FIGURE 2. Functional enrichment for mRNAs co-expressed (A) The bubble pattern shows the enrichment pathways with Gene Ratio, gene count and p-value (B) The histogram shows the enrichment of molecular function, biological process and cellular component. Results of GSEA enrichment on (C) B cell receptor signaling pathway (D) T cell receptor signaling pathway (E) Cell cycle (F) RNA polymerase, and (G) DNA replication.

Identification of Immune Cells With Significant Difference Between Two Groups

The results of functional enrichment suggested that there were significant differences in immune-related pathways between the recurrence and non-recurrence groups. In order to investigate which immune cells are involved in the mechanisms influencing the recurrence of liver cancer, we used the TIMER database (http://timer.cistrome.org) to estimate the expression level of immune cells in the two groups, and the t-test was used to determine whether there were significant differences in the expression of immune cells between the two groups. Immune cells showed significant differences between the recurrence and non-recurrence groups (Figures 3A–D), and the expression of naive B cells, B cells, T cell CD4⁺ memory resting, and T cell CD4⁺ were downregulated in the recurrence group.
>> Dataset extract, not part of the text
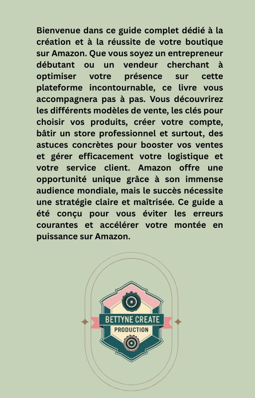 Créer et Réussir Votre Store sur Amazon est le guide pratique qui vous montre, étape par étape, comment lancer votre boutique, attirer des clients et générer des ventes rapidement. Simple, clair et efficace, c’est l’outil parfait pour transformer vos idées en revenus réels sur Amazon.

The results demonstrated the significant influence of these four immune cells on liver cancer recurrence.

FIGURE 3

FIGURE 3. Immune cells that are significantly different between the recurrence and non-recurrence groups (A) B cell naive expression between the two groups (B) B cell expression between the two groups (C) T cell CD4⁺ memory resting expression between the two groups (D) T cell CD4⁺ expression between the two groups.*p < 0.05, **p < 0.01 and ***p < 0.001.

Construction and Performance Evaluation of the Risk Assessment Model

To identify the mRNAs that play an important role in liver cancer recurrence, we constructed 500 decision trees using random forest with 60 DE-mRNAs as features and measured the importance of each DE-mRNA on recurrence by calculating the mean decrease Gini and mean decrease accuracy for each DE-mRNA. The top 30 DE-mRNAs ranked by mean decrease Gini and mean decrease accuracy were selected (Figures 4A, B). The top 30 mRNAs were intersected, and 18 overlapping mRNAs were finally selected to construct the risk assessment model (Figures 4C, D).

FIGURE 4

FIGURE 4. Construction of a risk assessment model (A) Top 30 DE-mRNAs with mean decrease Gini (B) Top 30 DE-mRNAs with mean decrease accuracy (C) Overlapping DE-mRNAs between the selection methods (D) Logistic risk model constructed by overlapping DE-mRNAs.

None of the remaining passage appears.